(Recorded data)
--- START ---

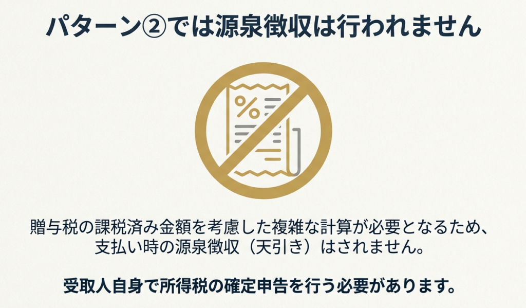 ◦ 源泉徴収: 無し(受取人が自分で申告する必要があります)
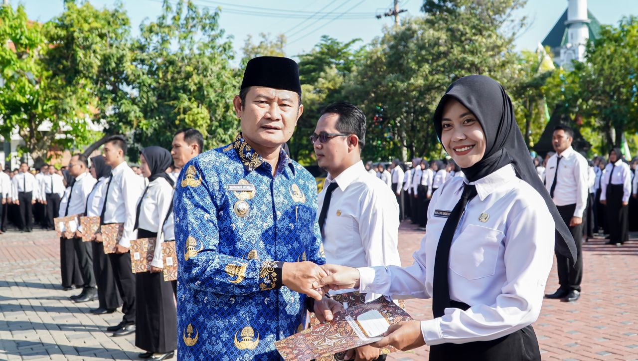 LAMONGAN | ARTIK.ID - Bupati Lamongan, Yuhronur Efendi, menyerahkan surat keputusan (SK) kepada 980 Pegawai Pemerintah dengan Perjanjian Kerja (PPPK) jabatan fungsional guru formasi 2022, Senin (17/7/2023), di halaman Pemkab Lamongan.
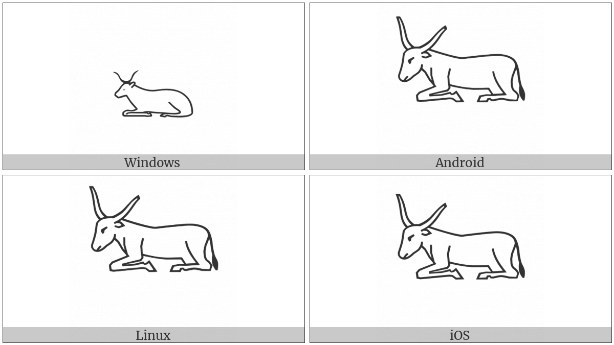 The image below shows how the “Egyptian Hieroglyph E009A” symbol might look like on different operating systems. If the font in which this web site is displayed does not contain the symbol and there is no fallback font able to render it, you can use the image below to get an idea of what it should look like.
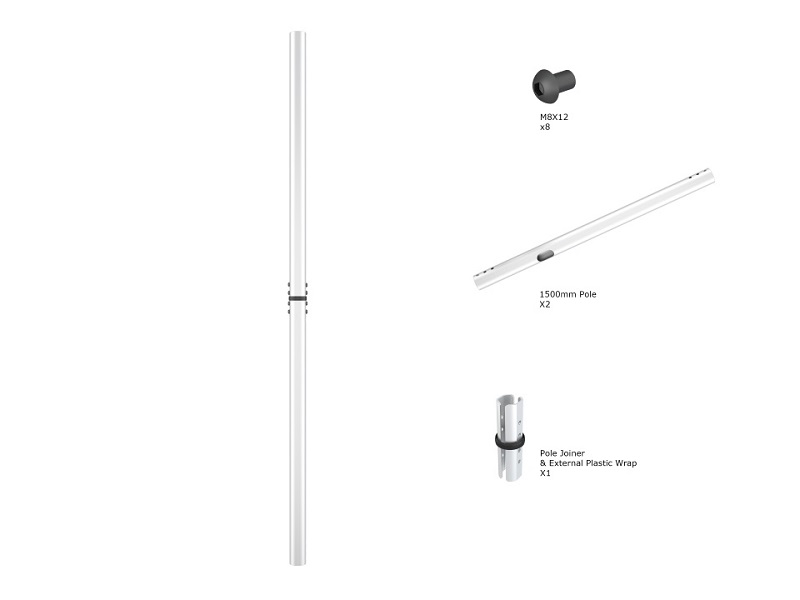 Verlängerungsrohr 3.0m, Metall, zu pro System chrom, max 30 Kg. p.Monitor, 3000x50x50mm mehr
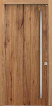 Die gediegene Optik jahrhundertealter Eiche wird kombiniert mit modernem, edlem Design. Die für den gehobenen Objektbau konzipierten Türen sind ideal für zeitgemäße architektonische Konzepte, die eine Verbindung aus alt und neu schaffen. Dabei wird die schlichte, edle Optik der Türen durch das rahmenbündige Türblatt sowie auf Wunsch durch seitlich angebrachte, praktisch rahmenlose Glaselemente betont.
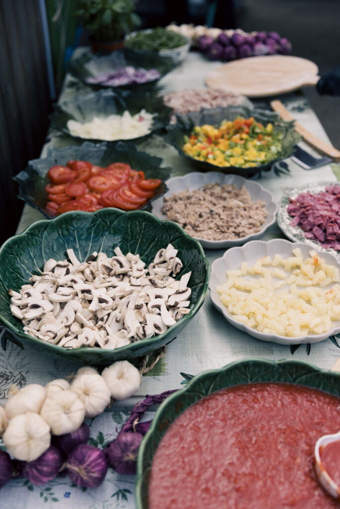 | Incl. – Pizzabollen – Meel voor het uitstrooien – Saus + kaas – Diverse garnituren (waaronder salami, ham, champignons, tomaat, paprika, ananas, uien etc.) – Servies – Locatie kosten voor 4 uur (overdekt zitten) |
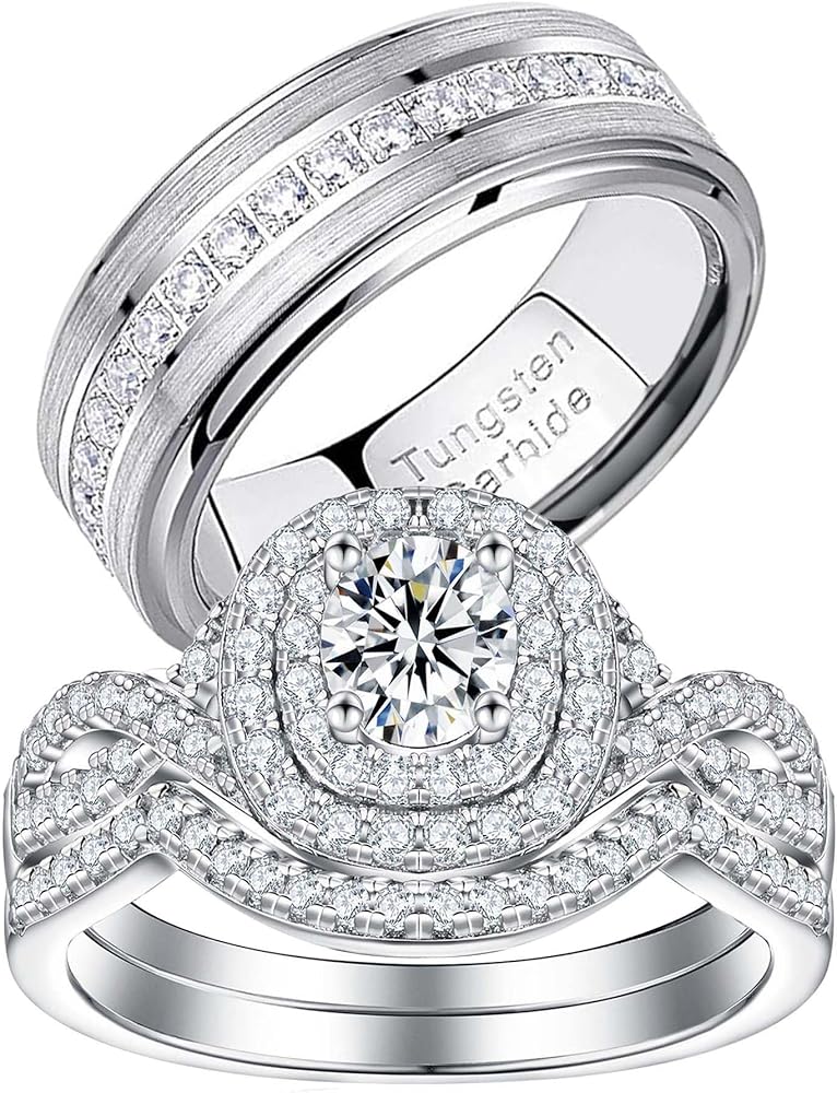 Material: Women's ring - 5A grade cubic zirconia 925 Sterling Silver with gold plating; Men's ring - tungsten steel with aaaaa zirconia.

--- END ---

# WORK REQUEST:
The copy starts at the line holding "(overdekt zitten) |" and ends at the last line of the records above. Transcribe those lines exactly, pictures excluded.

# RESULT OF THIS EXERCISE:
 | Incl. – Pizzabollen – Meel voor het uitstrooien – Saus + kaas – Diverse garnituren (waaronder salami, ham, champignons, tomaat, paprika, ananas, uien etc.) – Servies – Locatie kosten voor 4 uur (overdekt zitten) |
 Material: Women's ring - 5A grade cubic zirconia 925 Sterling Silver with gold plating; Men's ring - tungsten steel with aaaaa zirconia.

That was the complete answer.